In the listing that follows, find the line with "Bảng giá sửa", then copy exactly from it through the line with "- Fórmula Potente", leaving out every picture.

Input data >>
********************
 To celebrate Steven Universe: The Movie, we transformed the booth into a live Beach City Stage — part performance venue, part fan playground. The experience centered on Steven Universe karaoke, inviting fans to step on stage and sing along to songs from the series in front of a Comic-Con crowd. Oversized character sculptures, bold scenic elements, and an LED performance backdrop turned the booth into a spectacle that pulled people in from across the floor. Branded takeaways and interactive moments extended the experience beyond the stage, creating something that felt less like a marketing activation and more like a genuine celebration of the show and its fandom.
********************
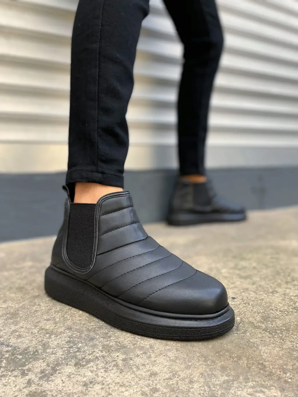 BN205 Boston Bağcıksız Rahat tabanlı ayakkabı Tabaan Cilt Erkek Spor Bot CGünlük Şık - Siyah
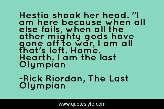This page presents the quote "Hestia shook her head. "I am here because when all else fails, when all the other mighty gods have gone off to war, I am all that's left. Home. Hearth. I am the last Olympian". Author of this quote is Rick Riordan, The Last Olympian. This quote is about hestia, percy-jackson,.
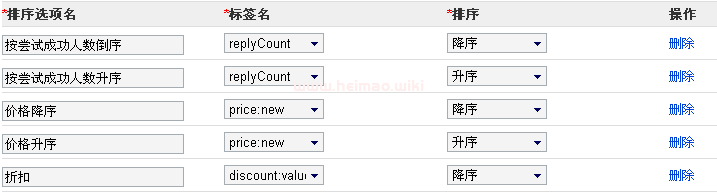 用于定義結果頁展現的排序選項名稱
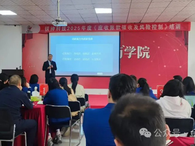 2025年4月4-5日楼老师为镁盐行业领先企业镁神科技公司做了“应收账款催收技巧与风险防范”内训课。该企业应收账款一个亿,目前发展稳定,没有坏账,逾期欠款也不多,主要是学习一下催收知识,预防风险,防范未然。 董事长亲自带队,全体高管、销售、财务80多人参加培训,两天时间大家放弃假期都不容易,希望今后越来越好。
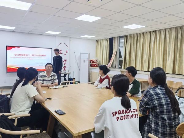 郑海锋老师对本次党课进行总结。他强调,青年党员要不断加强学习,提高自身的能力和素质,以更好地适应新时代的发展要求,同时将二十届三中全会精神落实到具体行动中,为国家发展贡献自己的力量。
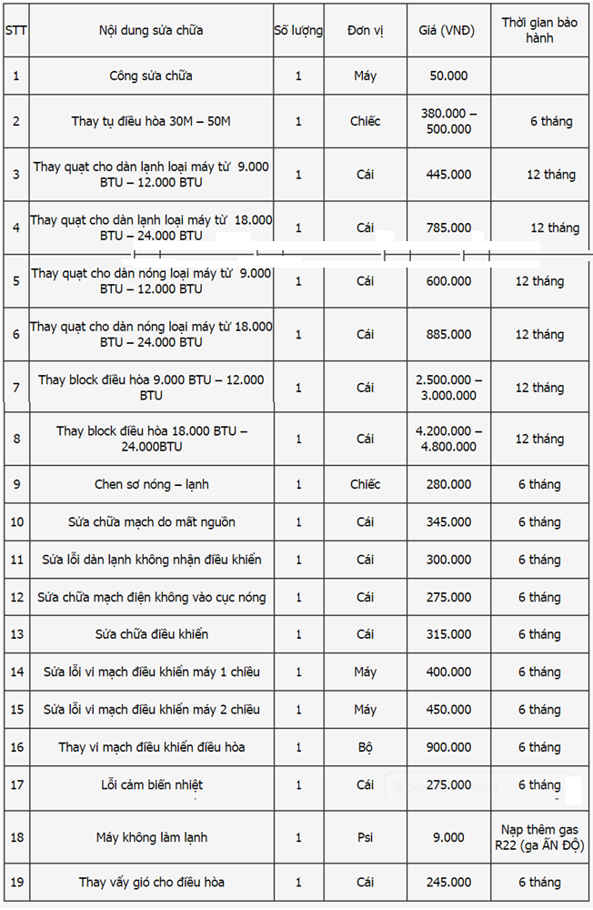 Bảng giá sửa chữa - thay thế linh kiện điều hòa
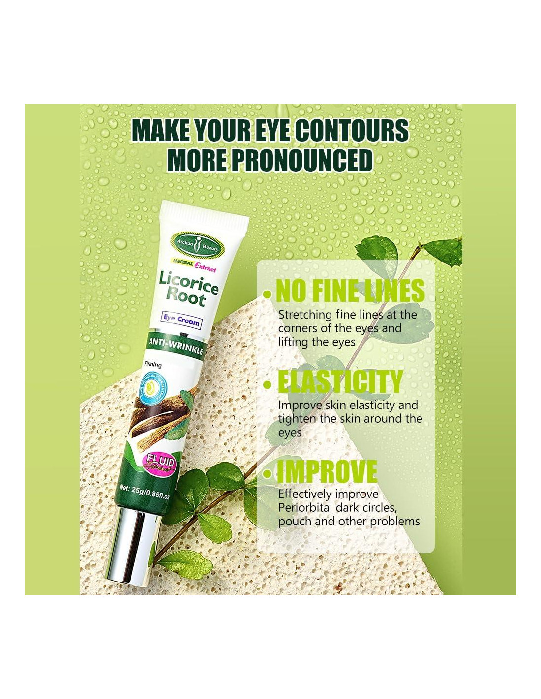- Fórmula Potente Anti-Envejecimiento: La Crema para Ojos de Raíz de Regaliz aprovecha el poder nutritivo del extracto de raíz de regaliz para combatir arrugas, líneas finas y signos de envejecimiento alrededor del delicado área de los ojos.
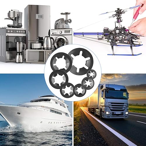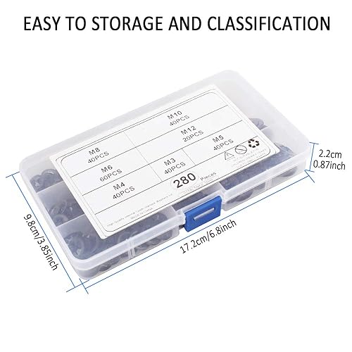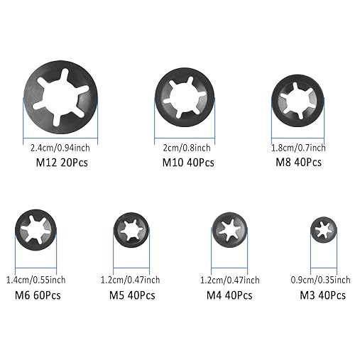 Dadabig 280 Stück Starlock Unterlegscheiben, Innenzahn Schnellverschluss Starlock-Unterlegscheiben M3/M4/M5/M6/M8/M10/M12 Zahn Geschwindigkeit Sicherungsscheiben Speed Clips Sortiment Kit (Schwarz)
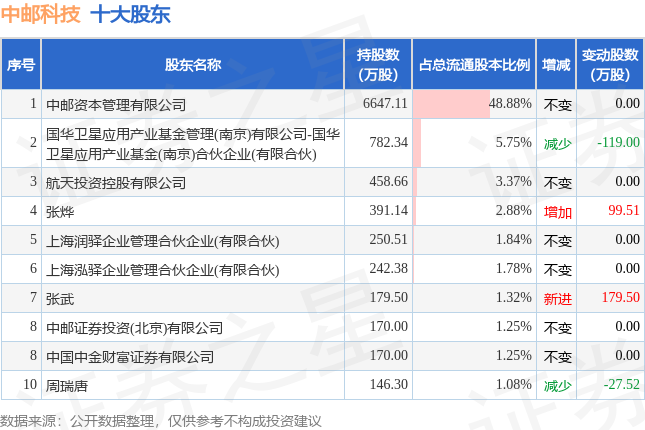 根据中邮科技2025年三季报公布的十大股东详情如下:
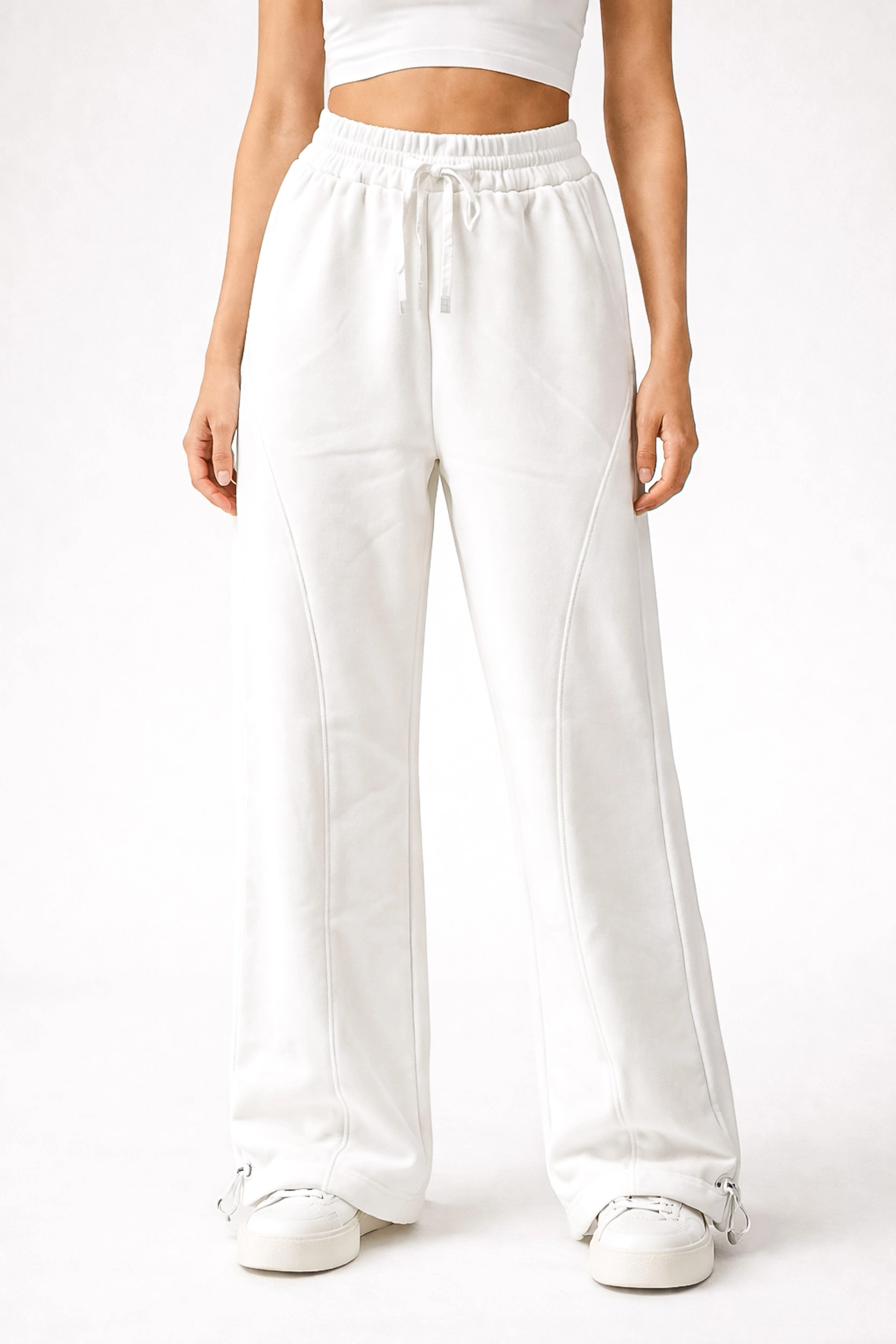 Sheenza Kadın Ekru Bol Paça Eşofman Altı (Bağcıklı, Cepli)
********************
Answer for this exercise >>
 Bảng giá sửa chữa - thay thế linh kiện điều hòa
- Fórmula Potente Anti-Envejecimiento: La Crema para Ojos de Raíz de Regaliz aprovecha el poder nutritivo del extracto de raíz de regaliz para combatir arrugas, líneas finas y signos de envejecimiento alrededor del delicado área de los ojos.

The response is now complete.